*Task to complete*
The whole listing needs to be written out exactly, except for any images.

======== Raw data

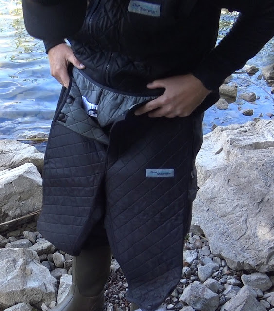 Jeg har også brukt klærne under vadebukse i elv og i sjøen. Der kommer buksa virkelig til sin rett! Materialet isolerer meget godt i tørr tilstand, og fungerer også supert som mellomlag mellom ull/fleece og vadebukse. I tillegg føles det godt å vite at jeg har plagg med oppdrift og flyteegenskaper når jeg står i elva. Alle som har falt eller snublet under vading vet at det er skummelt når lufta i vadebuksa løfter beina opp. Er det litt strøm i tillegg kan man fort få dårlig tid. Husk at vesten bør brukes for å sørge for å få overkroppen opp og hodet over vannet!
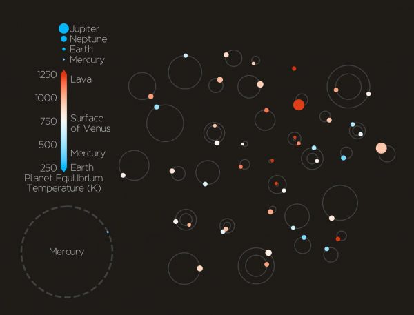 Los 44 planetas confirmados y su clase de tamaño aproximado, órbitas y temperaturas de superficie. Ver video. Crédito: John Livingston.
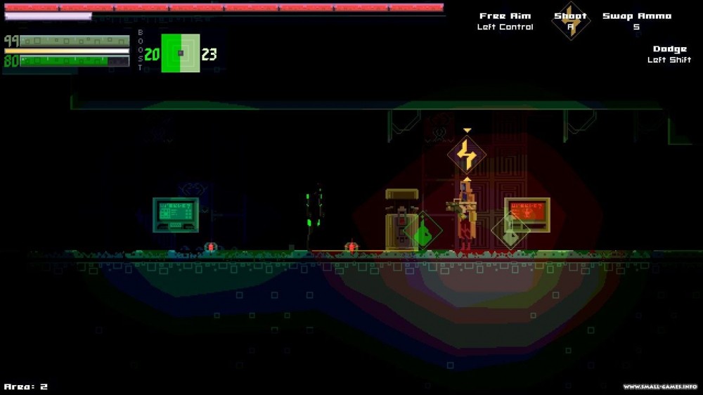 Главный герой перемещается по военно-космической станции. На пути он столкнётся с противниками и боссами, будет прокачивать собственные способности и использовать крутые приемы. Протагонист и враги могут появиться в параллельном измерении и состязаться там. Для перестрелок предоставлено свыше 10 видов вооружения. Пользователь воспользуется автоматическими винтовками, пистолетами-пулеметами или футуристическим огнестрелом. Графика выполнена в пиксельном стиле с простым интерфейсом.

================

*Result*
 Jeg har også brukt klærne under vadebukse i elv og i sjøen. Der kommer buksa virkelig til sin rett! Materialet isolerer meget godt i tørr tilstand, og fungerer også supert som mellomlag mellom ull/fleece og vadebukse. I tillegg føles det godt å vite at jeg har plagg med oppdrift og flyteegenskaper når jeg står i elva. Alle som har falt eller snublet under vading vet at det er skummelt når lufta i vadebuksa løfter beina opp. Er det litt strøm i tillegg kan man fort få dårlig tid. Husk at vesten bør brukes for å sørge for å få overkroppen opp og hodet over vannet!
 Los 44 planetas confirmados y su clase de tamaño aproximado, órbitas y temperaturas de superficie. Ver video. Crédito: John Livingston.
 Главный герой перемещается по военно-космической станции. На пути он столкнётся с противниками и боссами, будет прокачивать собственные способности и использовать крутые приемы. Протагонист и враги могут появиться в параллельном измерении и состязаться там. Для перестрелок предоставлено свыше 10 видов вооружения. Пользователь воспользуется автоматическими винтовками, пистолетами-пулеметами или футуристическим огнестрелом. Графика выполнена в пиксельном стиле с простым интерфейсом.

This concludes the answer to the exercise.